Social Psychology Flashcards
What is internalisation?
A type of conformity when a person genuinely accepts the groups norms both privately and publicly. Likely to be permanent and also happens even when the other group members are not present.
What is identification?
Identification is a type of confirmity which occurs when a person identifies with a group that they value so publicly changes opinions/behaviour to achieve this goal. Privately they may not entirely agree.
What is compliance?
This is a type of confirmity involving “going along with others” in public but privately not changing perosnal opinions or behaviour. It is the most superficial type of confirmity and may stop as soon as group pressure stops.
What is ISI?
Informational social influence is an explanation for confirmity. It says we agree with the opinion of the majority because we believe they have the correct information. It may lead to internalisation.
What is NSI?
Normative Social Influence is an explanation for confirmity that says we agree with the opinion of the majority because we want to be accepted/approved of/liked. It may lead to compliance.
What is research support for ISI?
Lucas et al asked students to give answers to mathematical problems that were easy or difficult. There was greater confirmity to incorrect answers when they were difficult rather than easy. This is a demonstration that people confirm in situations where they believe other people have the correct information.
*George Lucas is the director of Star Wars which uses lots of maths and physics.
What is a criticism of NSI?
NSI does not affect everyone’s behaviour in the same way. nAffiliators are people who have a greater need for being in some sort of relationship with others and are more likely to conform. (McGhee and Teevan found that students high in need of affiliation were more likely to conform)
*Ghee is an indian clarified cooking butter and tea is grown in India too.
What is a criticism of ISI and NSI as explanations for conformity?
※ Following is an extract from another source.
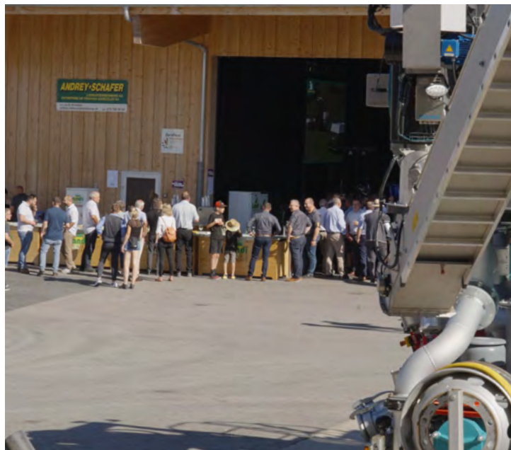
Wenn Lohnunternehmer feiern, dann ist die Technik nicht weit: Gut kombiniert mit einem feinem Apéro. Herzlichen Dank an das Catering-Team.

The theory says that conformity is either due to NSI or ISI. But often both processes are involved.
What is the method of Asch’s experiment?
- 123 American male undergraduates
- Each naive participant tested with a group of 6-8 confederates
- First 6 trials confederates gave right answers then started making errors for the next 12 trials.
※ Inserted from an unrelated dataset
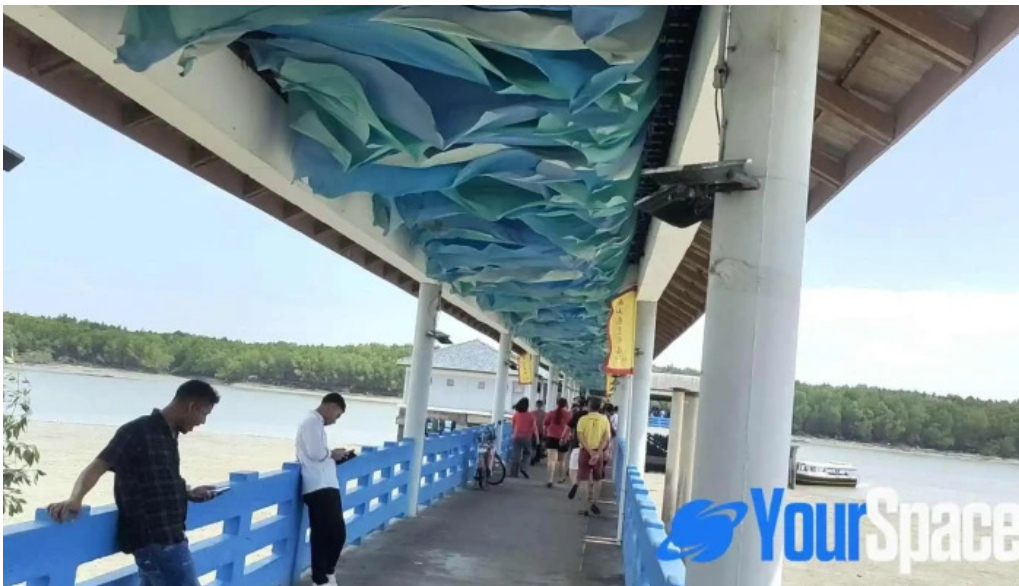
Jetty pulau ketam terkini

- All confederates gave the same wrong answer
- Trial = four lines on a card. Of the final three lines, only one was the same length as the first line and participants had to say which one was the same length.
What were the results of Asch’s experiment?
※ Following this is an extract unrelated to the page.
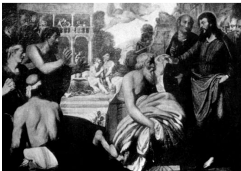
Figura 7 Artus Wolffort, La piscina de Bethesda , Londres, colección privada.

Naive participant gave a wrong ansewr 36.8% of the time. 25% of particpants did not conform at all which means 75% conformed at least once. When particpants were interviewed aftewards they said they conformed to avoid rejection (NSI).
What was Asch’s group size variation?
Asch repeated the experiment with different numbers of confederates. A majority of one or two didn’t have much effect but 3 or more exerted significant influence (no huge difference between three or more than three.)
What was Asch’s unanimity variation?
Asch aded a confederate who disagreed with the others, sometimes giving a right answer and sometimes a wrong answer. The presence of a dissenting confedarate reduced conformity by a quarter.
What is Asch’s task difficulty variation?
Asch made the line-judging task more difficult (i.e. more difficult to spot the line that was the same size as the first one). Conformity increased when the task was more difficult suggesting ISI plays a greater role in harder tasks.
What are 3 weaknesses of Asch’s study?
- A child of its time. Done in 1950s. Perrin and Spencer repeated it in 1980 with engineering students and only one student conformed. (Is this because they were engineering students or because it was 1980?)
- Artificial situation and task/demand characteristics.
- Limited application of findings - Asch only studied US men. Conformity rates are higher in collectivist cultures such as China.
What is the method of Zimbardo’s study?
- Set up a mock prison in basement at Stanford University
- Volunteer sample who were screened for emotional stability
- Randomly assigned roles of guards and prisoners
- ‘Prisoners’ arrested in their homes by local police. Blindfolded, strip-searched, deloused and issued a uniform and number
- Prisoners routines heavily regulated with 16 rules enforced by guards
- Prisoners only addressed by their number and not name.
- Guards had uniform, wooden clug, handcuffs, keys and mirror shades. Given complete control e.g. could even decide when prisoners went to the toilet.
What were the results of Zimbardo’s study?
- After a slow start, the guards became enthusiastic. They became a threat to the prisoners’ well being and the study was stopped after 6 days instead of 14.
- After two days the prisoners rebelled and the guards retaliated with fire extinguishers. Prisoners then became subdued and depressed.
- Frequent headcounts and frequent punishments and rule enforcements.
- One prisoner released on the first day and two on the fourth day due to showing signs of psychological disturbance.
- One prisoner went on hunger strike and was force fed and put him in a tiny dark closet.